--- Data ---
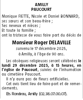Cet espace « condoléances » est dédié à la mémoire de Monsieur Roger DELAVILLE.
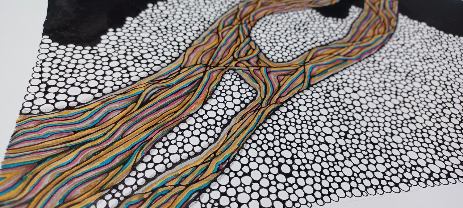 The meditative process of drawing hundreds of circles brings me back to myself and then takes me deeper into peace. It feels like floating, swirling, light as driftwood.
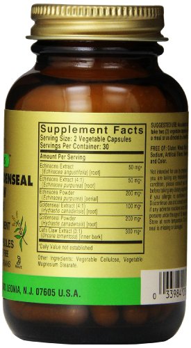 -. LegalDisclaimer : Solgar Full Potency Echinacea/Goldenseal/Cat's Claw Complex Vegetable Capsules, 60 Count non-returnable
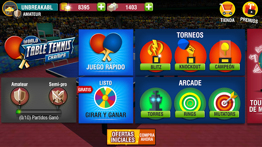 • ¡Juega 3 emocionantes torneos en estilo eliminatorio con recompensas exclusivas y conviértete en el campeón de ping pong!
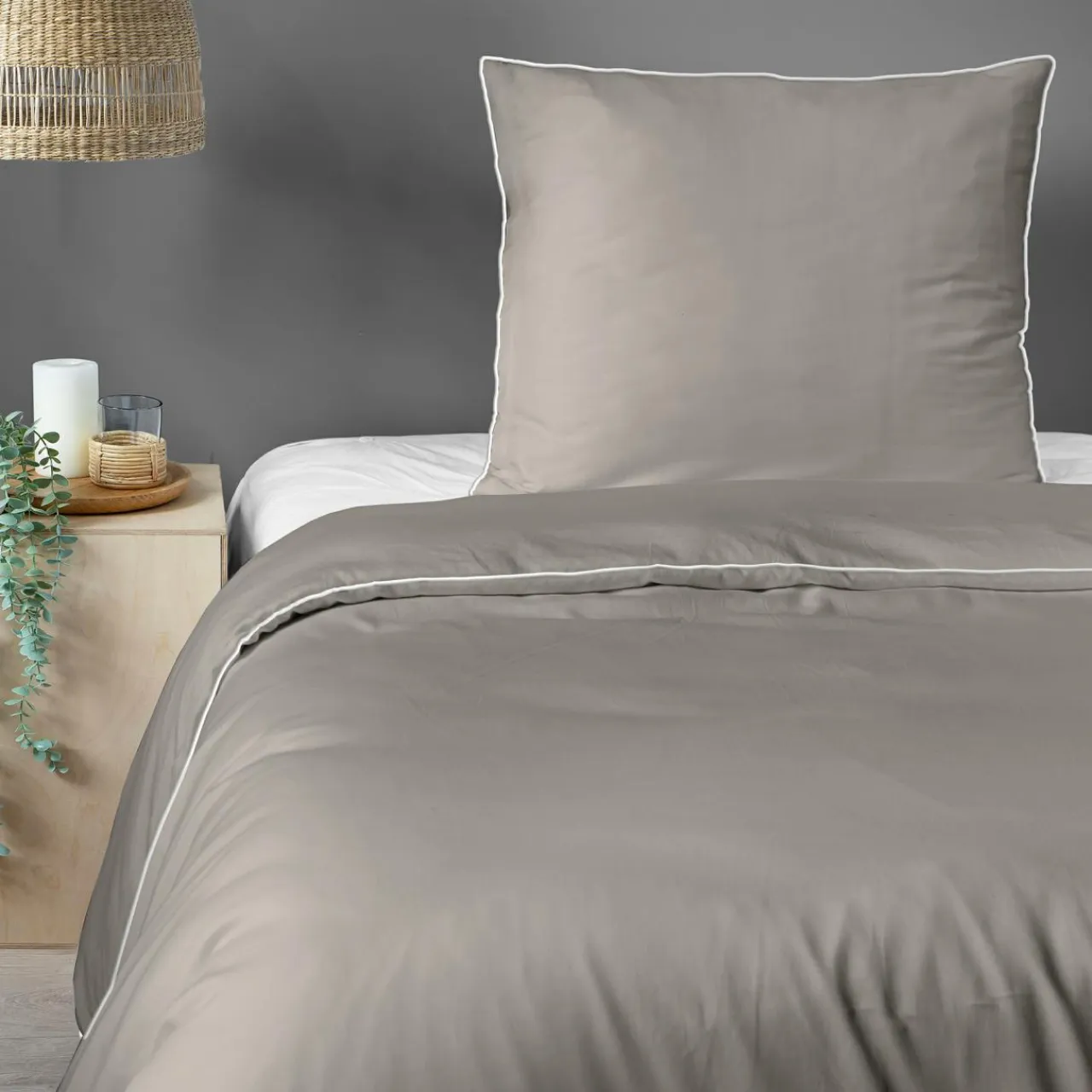 Kolekcja PURE łączy w sobie elegancję i naturalność – bawełniana pościel z makosatyny jest przewiewna i lekko się błyszczy. Dzięki jasnej lamówce wyróżni się na tle nowoczesnego wnętrza. Podkreśli schludną, uporządkowaną sypialnię.
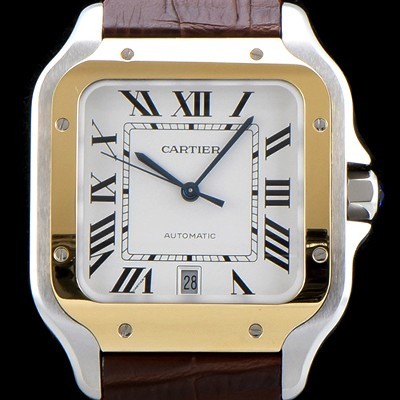 • 미러급 까르띠에 남성용 산토스 드 까르띠 W2SA0006 "18K 옐로우골드 베젤" 라지 모델-데이트 정품 동일 사이즈 실버 마감 오팔린 다이얼 오토매틱 무브먼트 CAR4001 Ⅳ
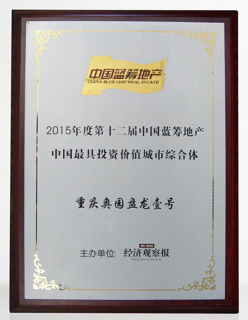 2015年6月26日, 由《经济观察报》主办发起的“第十二届(2015)中国蓝筹地产年会”在北京举行。意昂2集团凭借企业综合实力和潜在成长性再度荣获“2015年度第十二届中国蓝筹地产”称号,旗下项目重庆意昂2盘龙壹号荣获“2015年度中国最具投资价值城市综合体”荣誉。
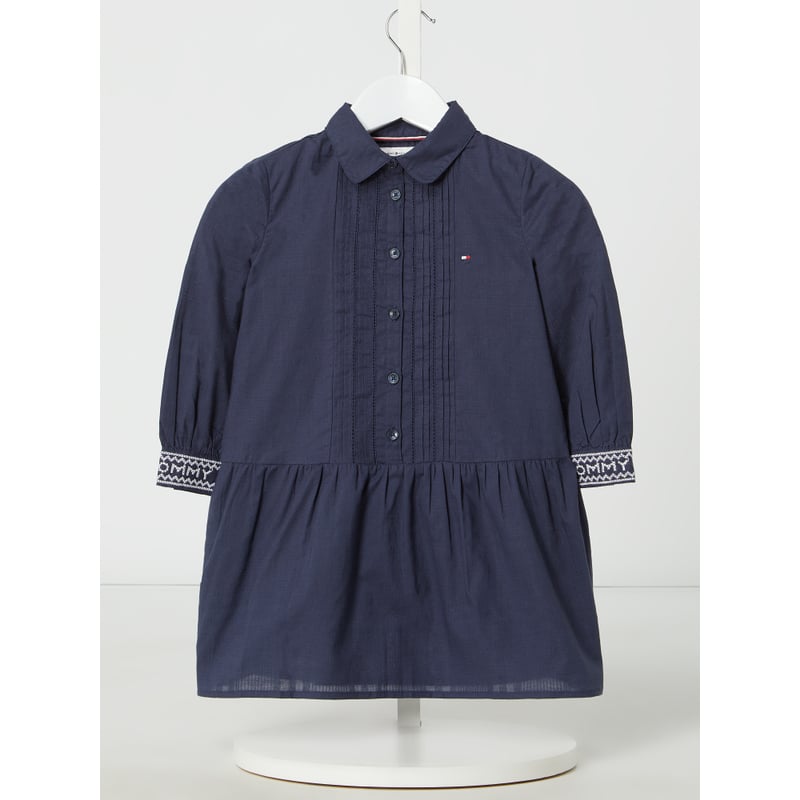 Sukienka dziecięca Tommy Hilfiger, Czysta bawełna , Krój rozkloszowany , Wykładany kołnierz , Listwa guzikowa na górze , Długie rękawy z brzegiem w kontrastowym kolorze, Zaszewki, Detale z logo , Drobne marszczenia , Długość tyłu w rozmiarze 104: 52 cm, Długość rękawa w rozmiarze 104: 32 cm
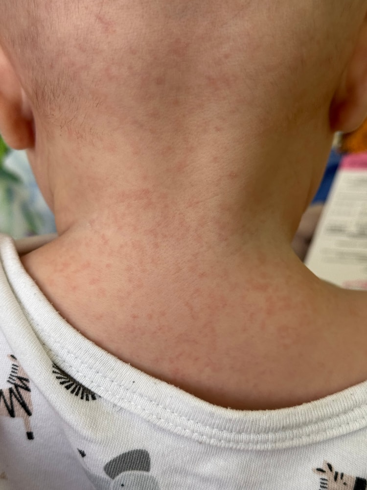 Вчера вечером на теле ребенка появились красные прыщики. Из нового вчера утром ели персик,но не думаю что на него,т.к до этого ели его в банках. Или все таки на него? До этого была потничка,но совсем чуть-чуть в области шеи,а сейчас эти прыщики на шее,на спине,немного на животе,немного на личике,а после ночи появились и в районе подгузника. Читала тут про розеолу,и симптомы схожи,была температура 3 дня,потом резко прошла и эти прыщики появились..Может все таки она? Но у нас вылез зуб,так что температуру списываю на него. Побежали сегодня к врачу,ничего толкового не сказала,прописала таблетки Фенкарол,и сказала придти на осмотр в пятницу.
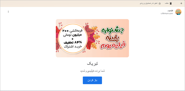 به یکی از ایمیلهای کمپینهای ما در تصویر زیر نگاه کنید. برای کسب اطلاعات بیشتر، پیشنهاد میکنیم حتماً مقالهٔ «منظور از بازاریابی ایمیلی چیست (بررسی انواع استراتژیها و روشها)» را مطالعه کنید.
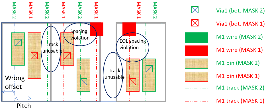 The incorrect offset specification may similarly make certain segments of tracks unusable for routing and may restrict the router’s solution space to only via insertion for pin access. It may create a spacing and End-of-Line (EOL) spacing violations between geometries of the same mask number.
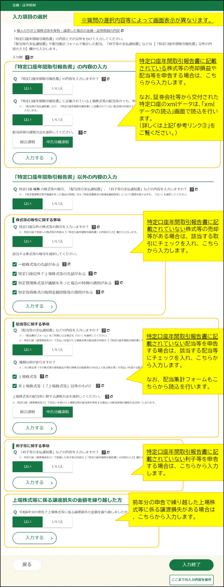 (参考リンク③)証券会社等から交付された電子データ(xml形式)を読み込む場合はこちら
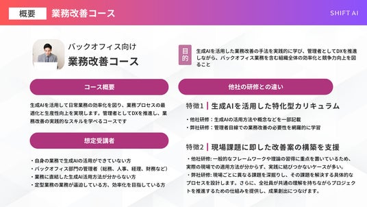 「日本をAI先進国に」を掲げAIのビジネス活用を学べるAI大学「SHIFT AI」を運営する株式会社SHIFT AI(東京都渋谷区、代表取締役 木内翔大、以下 当社 )は、DX(デジタルトランスフォーメーション)推進に必要な法人向け新サービス「業務改善コース」を2025年3月10日より提供開始します。本コースは、業務の生産性向上を目的とし、生成AIを活用して定型業務を効率化するための実践的なスキルを習得を支援するプログラムです。
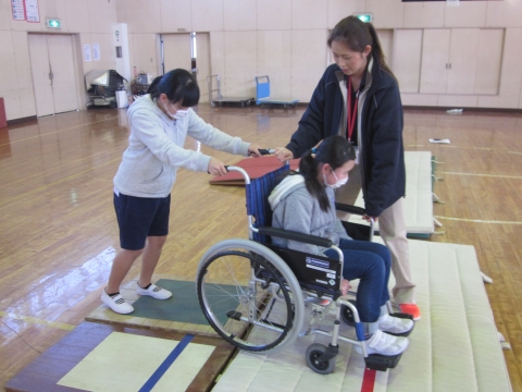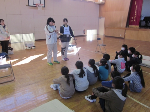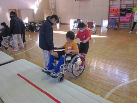 4年生が総合的な学習の時間の一環で,いすみ市役所福祉課やいすみ苑の職員の方々を講師にお迎えして,福祉体験学習を行いました。始めに教室で,プレゼンによる認知症についての学習をしました。次に,場所を体育館に移動して,車いす体験・高齢者や目の不自由な人の体験などを行いました。
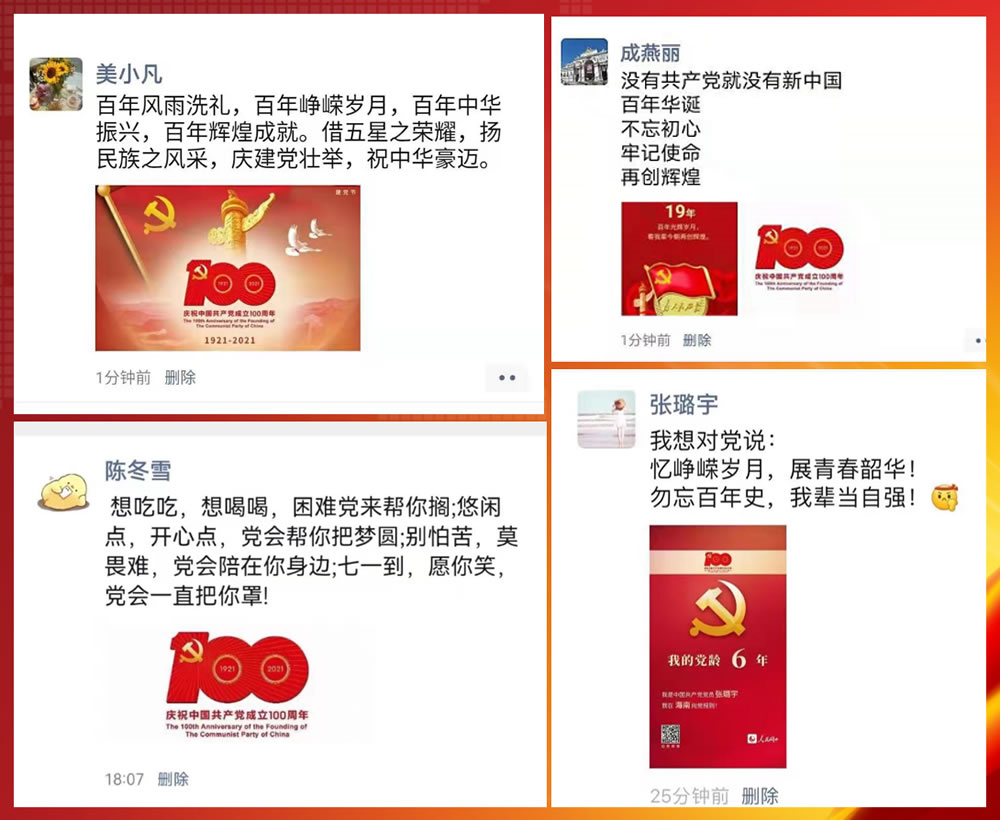 奮斗百年路,啟航新征程。為慶祝黨的百年華誕,激發(fā)黨員群眾愛黨愛國熱情,近日來,公司各級黨組織、團組織積極組織黨員和團員青年開展了形式多樣的主題活動,表達對中國共產(chǎn)黨的無限熱愛和對祖國的美好祝福!
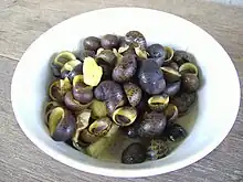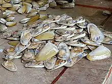 | Pholade Autres noms : dail, gîte Famille : Pholadidae Espèces consommées : Cyrtopleura costata, Pholas dactylus, P. orientalis[13] | ![]() Pholas dactylus | |
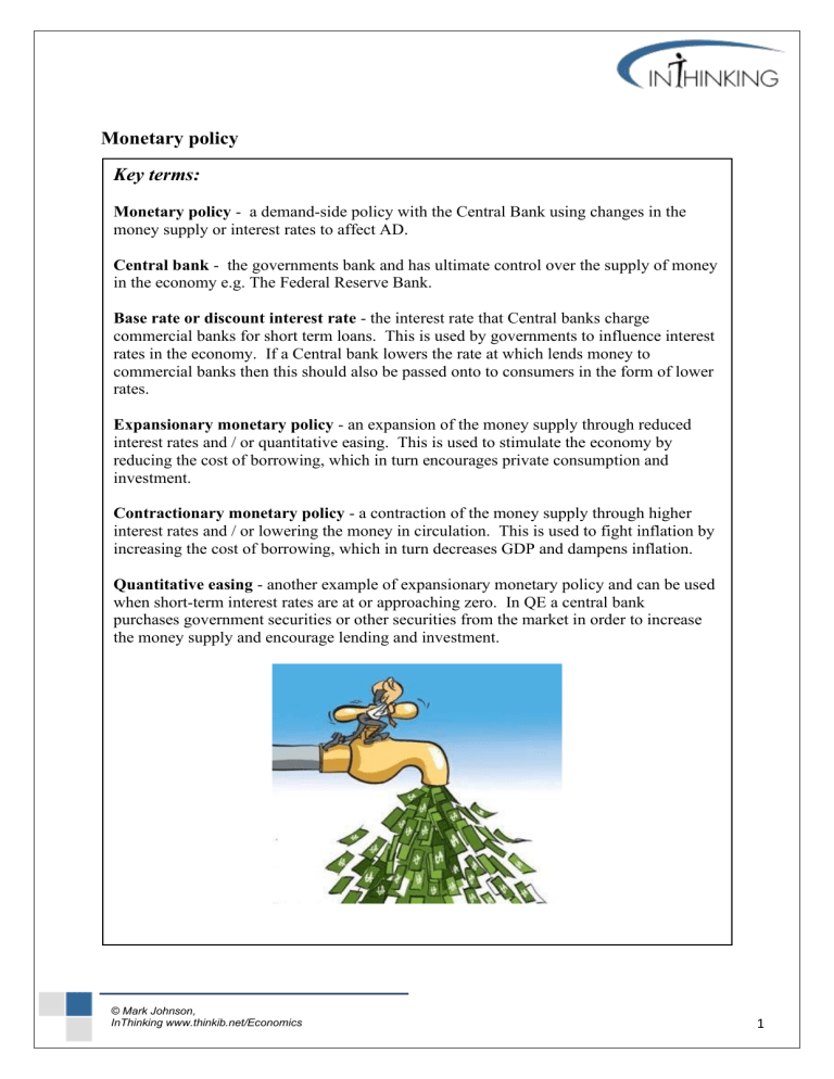 Monetary Policy Worksheet PDF Inflation Monetary Policy
---
§ Task objective: Every line above should be printed again word for word, without its pictures.

§ Reply to the task:
Cet espace « condoléances » est dédié à la mémoire de Monsieur Roger DELAVILLE.
 The meditative process of drawing hundreds of circles brings me back to myself and then takes me deeper into peace. It feels like floating, swirling, light as driftwood.
 -. LegalDisclaimer : Solgar Full Potency Echinacea/Goldenseal/Cat's Claw Complex Vegetable Capsules, 60 Count non-returnable
 • ¡Juega 3 emocionantes torneos en estilo eliminatorio con recompensas exclusivas y conviértete en el campeón de ping pong!
 Kolekcja PURE łączy w sobie elegancję i naturalność – bawełniana pościel z makosatyny jest przewiewna i lekko się błyszczy. Dzięki jasnej lamówce wyróżni się na tle nowoczesnego wnętrza. Podkreśli schludną, uporządkowaną sypialnię.
 • 미러급 까르띠에 남성용 산토스 드 까르띠 W2SA0006 "18K 옐로우골드 베젤" 라지 모델-데이트 정품 동일 사이즈 실버 마감 오팔린 다이얼 오토매틱 무브먼트 CAR4001 Ⅳ
 2015年6月26日, 由《经济观察报》主办发起的“第十二届(2015)中国蓝筹地产年会”在北京举行。意昂2集团凭借企业综合实力和潜在成长性再度荣获“2015年度第十二届中国蓝筹地产”称号,旗下项目重庆意昂2盘龙壹号荣获“2015年度中国最具投资价值城市综合体”荣誉。
 Sukienka dziecięca Tommy Hilfiger, Czysta bawełna , Krój rozkloszowany , Wykładany kołnierz , Listwa guzikowa na górze , Długie rękawy z brzegiem w kontrastowym kolorze, Zaszewki, Detale z logo , Drobne marszczenia , Długość tyłu w rozmiarze 104: 52 cm, Długość rękawa w rozmiarze 104: 32 cm
 Вчера вечером на теле ребенка появились красные прыщики. Из нового вчера утром ели персик,но не думаю что на него,т.к до этого ели его в банках. Или все таки на него? До этого была потничка,но совсем чуть-чуть в области шеи,а сейчас эти прыщики на шее,на спине,немного на животе,немного на личике,а после ночи появились и в районе подгузника. Читала тут про розеолу,и симптомы схожи,была температура 3 дня,потом резко прошла и эти прыщики появились..Может все таки она? Но у нас вылез зуб,так что температуру списываю на него. Побежали сегодня к врачу,ничего толкового не сказала,прописала таблетки Фенкарол,и сказала придти на осмотр в пятницу.
 به یکی از ایمیلهای کمپینهای ما در تصویر زیر نگاه کنید. برای کسب اطلاعات بیشتر، پیشنهاد میکنیم حتماً مقالهٔ «منظور از بازاریابی ایمیلی چیست (بررسی انواع استراتژیها و روشها)» را مطالعه کنید.
 The incorrect offset specification may similarly make certain segments of tracks unusable for routing and may restrict the router’s solution space to only via insertion for pin access. It may create a spacing and End-of-Line (EOL) spacing violations between geometries of the same mask number.
 (参考リンク③)証券会社等から交付された電子データ(xml形式)を読み込む場合はこちら
 「日本をAI先進国に」を掲げAIのビジネス活用を学べるAI大学「SHIFT AI」を運営する株式会社SHIFT AI(東京都渋谷区、代表取締役 木内翔大、以下 当社 )は、DX(デジタルトランスフォーメーション)推進に必要な法人向け新サービス「業務改善コース」を2025年3月10日より提供開始します。本コースは、業務の生産性向上を目的とし、生成AIを活用して定型業務を効率化するための実践的なスキルを習得を支援するプログラムです。
 4年生が総合的な学習の時間の一環で,いすみ市役所福祉課やいすみ苑の職員の方々を講師にお迎えして,福祉体験学習を行いました。始めに教室で,プレゼンによる認知症についての学習をしました。次に,場所を体育館に移動して,車いす体験・高齢者や目の不自由な人の体験などを行いました。
 奮斗百年路,啟航新征程。為慶祝黨的百年華誕,激發(fā)黨員群眾愛黨愛國熱情,近日來,公司各級黨組織、團組織積極組織黨員和團員青年開展了形式多樣的主題活動,表達對中國共產(chǎn)黨的無限熱愛和對祖國的美好祝福!
 | Pholade Autres noms : dail, gîte Famille : Pholadidae Espèces consommées : Cyrtopleura costata, Pholas dactylus, P. orientalis[13] | ![]() Pholas dactylus | |
 Monetary Policy Worksheet PDF Inflation Monetary Policy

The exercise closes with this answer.